_TASK INPUTS_.

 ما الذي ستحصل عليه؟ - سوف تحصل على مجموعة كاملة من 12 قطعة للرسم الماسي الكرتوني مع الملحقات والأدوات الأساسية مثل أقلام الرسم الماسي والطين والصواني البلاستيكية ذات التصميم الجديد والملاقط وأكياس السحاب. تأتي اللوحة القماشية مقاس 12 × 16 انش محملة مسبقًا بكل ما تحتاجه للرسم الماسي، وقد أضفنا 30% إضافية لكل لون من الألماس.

---

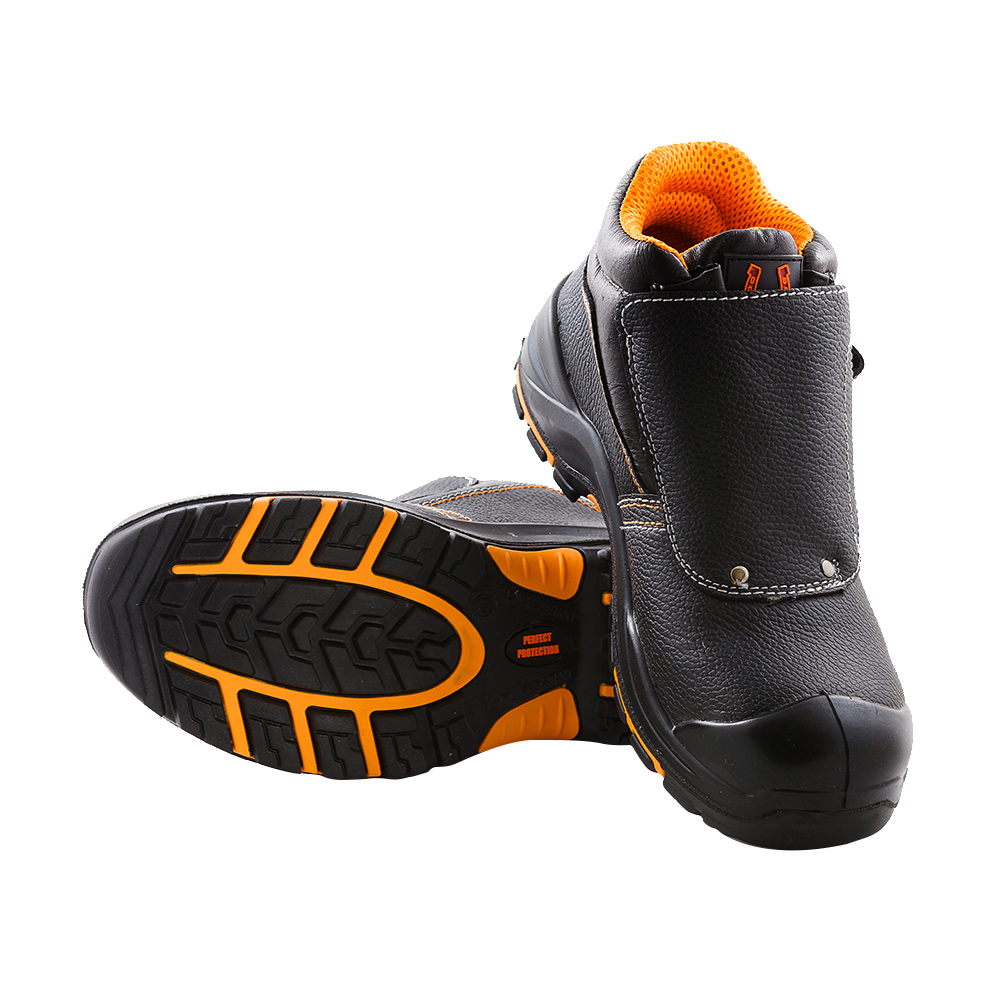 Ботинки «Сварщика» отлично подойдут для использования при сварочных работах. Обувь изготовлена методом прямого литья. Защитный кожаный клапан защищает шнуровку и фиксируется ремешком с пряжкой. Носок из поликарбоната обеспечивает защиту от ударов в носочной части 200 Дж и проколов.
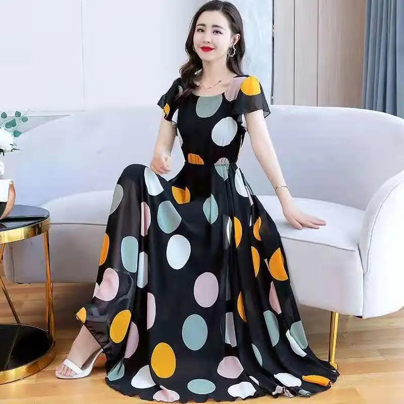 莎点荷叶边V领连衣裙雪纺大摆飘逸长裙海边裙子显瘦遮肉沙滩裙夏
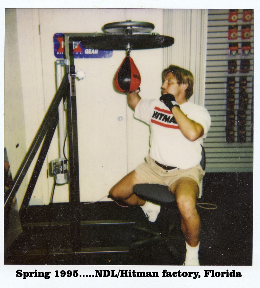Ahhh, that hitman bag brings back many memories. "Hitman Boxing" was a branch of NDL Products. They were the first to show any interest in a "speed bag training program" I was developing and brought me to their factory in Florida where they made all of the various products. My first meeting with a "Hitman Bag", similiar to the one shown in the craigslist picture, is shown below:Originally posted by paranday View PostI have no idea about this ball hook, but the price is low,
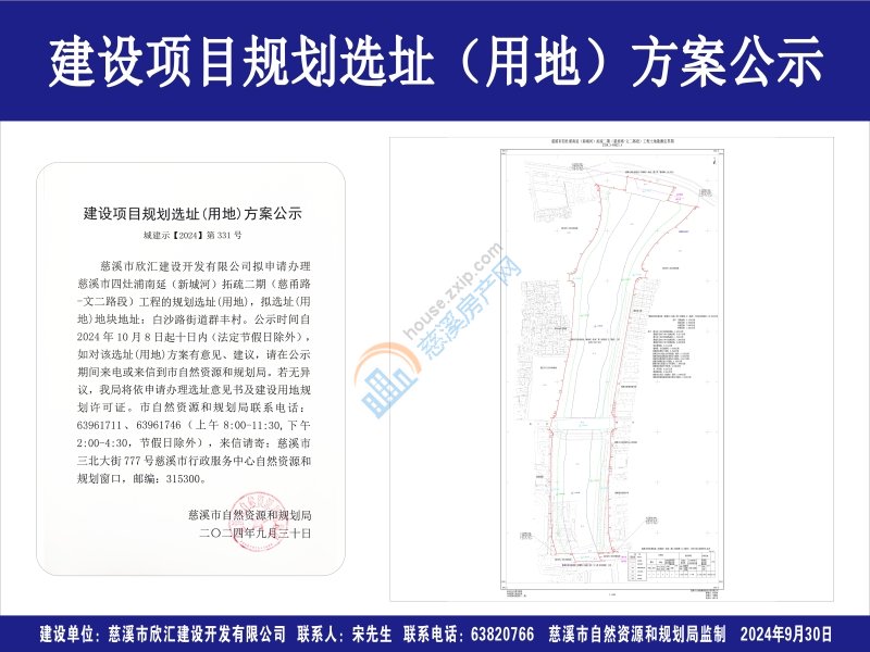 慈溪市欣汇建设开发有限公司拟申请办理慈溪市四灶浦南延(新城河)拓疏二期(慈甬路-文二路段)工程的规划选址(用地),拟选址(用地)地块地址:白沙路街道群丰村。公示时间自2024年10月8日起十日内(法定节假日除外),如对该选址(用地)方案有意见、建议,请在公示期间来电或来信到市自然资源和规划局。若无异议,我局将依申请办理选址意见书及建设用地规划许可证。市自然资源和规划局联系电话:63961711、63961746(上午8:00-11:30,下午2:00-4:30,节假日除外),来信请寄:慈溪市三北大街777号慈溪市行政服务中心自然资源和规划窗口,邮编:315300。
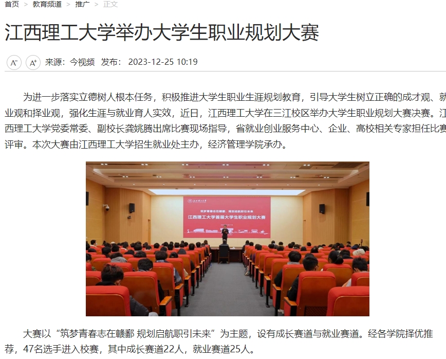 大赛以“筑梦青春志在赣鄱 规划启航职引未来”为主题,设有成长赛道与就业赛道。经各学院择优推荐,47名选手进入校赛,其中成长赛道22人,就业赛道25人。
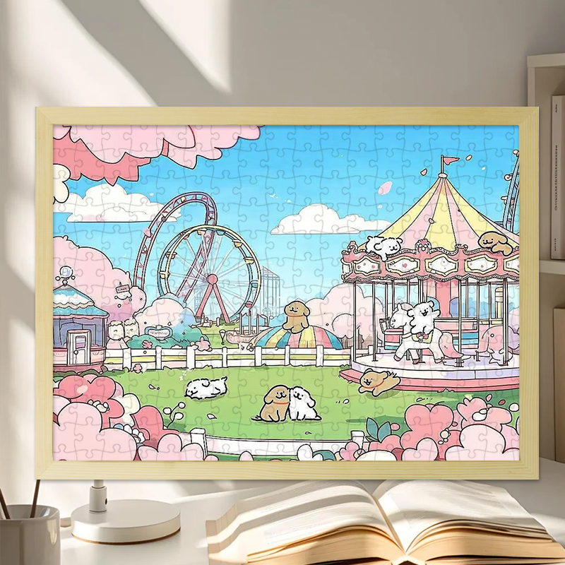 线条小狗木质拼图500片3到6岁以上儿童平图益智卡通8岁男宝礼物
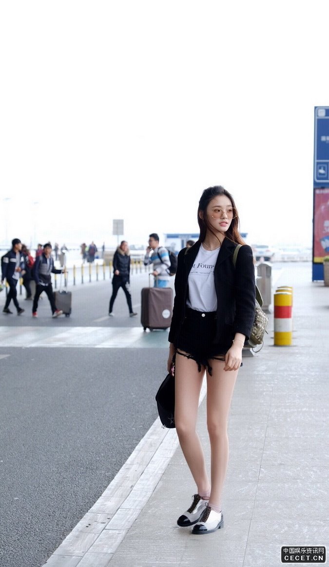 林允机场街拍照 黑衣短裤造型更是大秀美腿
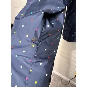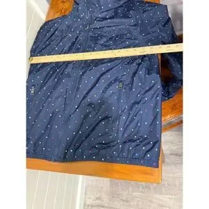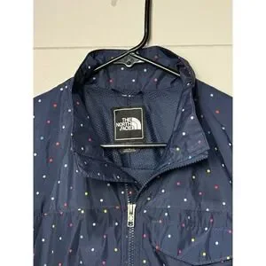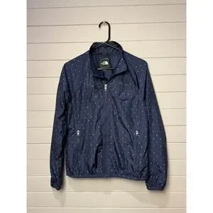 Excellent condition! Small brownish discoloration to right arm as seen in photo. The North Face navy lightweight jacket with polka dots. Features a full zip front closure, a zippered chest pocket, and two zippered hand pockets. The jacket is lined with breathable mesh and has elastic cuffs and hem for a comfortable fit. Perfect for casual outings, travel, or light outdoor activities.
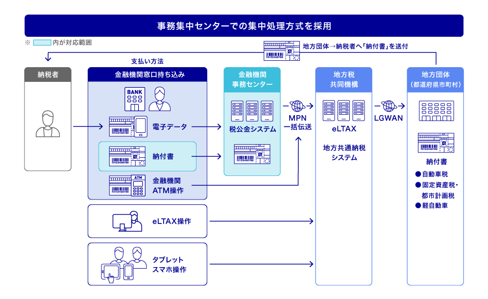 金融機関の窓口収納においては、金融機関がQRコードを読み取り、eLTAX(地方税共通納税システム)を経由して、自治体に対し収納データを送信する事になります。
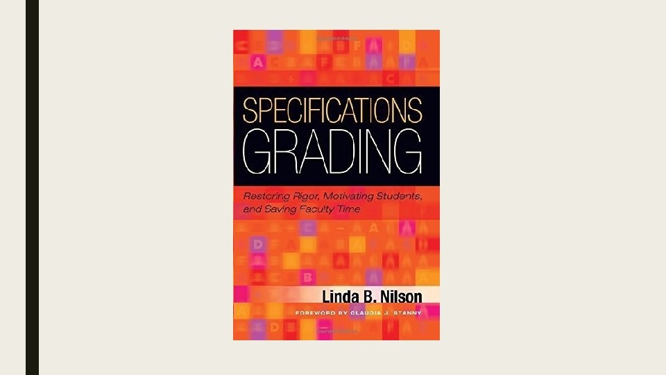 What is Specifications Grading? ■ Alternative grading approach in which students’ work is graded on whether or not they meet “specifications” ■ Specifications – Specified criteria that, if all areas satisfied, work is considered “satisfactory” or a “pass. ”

--

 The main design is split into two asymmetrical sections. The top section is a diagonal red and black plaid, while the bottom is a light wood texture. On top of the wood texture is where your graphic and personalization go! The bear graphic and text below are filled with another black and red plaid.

_WORK INSTRUCTIONS_. From the material above, reproduce only what runs from the line holding "线条小狗木质拼图500片3到6岁以上儿童平图益智卡通8岁男宝礼物" down to the line holding "林允机场街拍照 黑衣短裤造型更是大秀美腿", both included, pictures excluded.

_ANSWER TO THIS PROBLEM_.
 线条小狗木质拼图500片3到6岁以上儿童平图益智卡通8岁男宝礼物
 林允机场街拍照 黑衣短裤造型更是大秀美腿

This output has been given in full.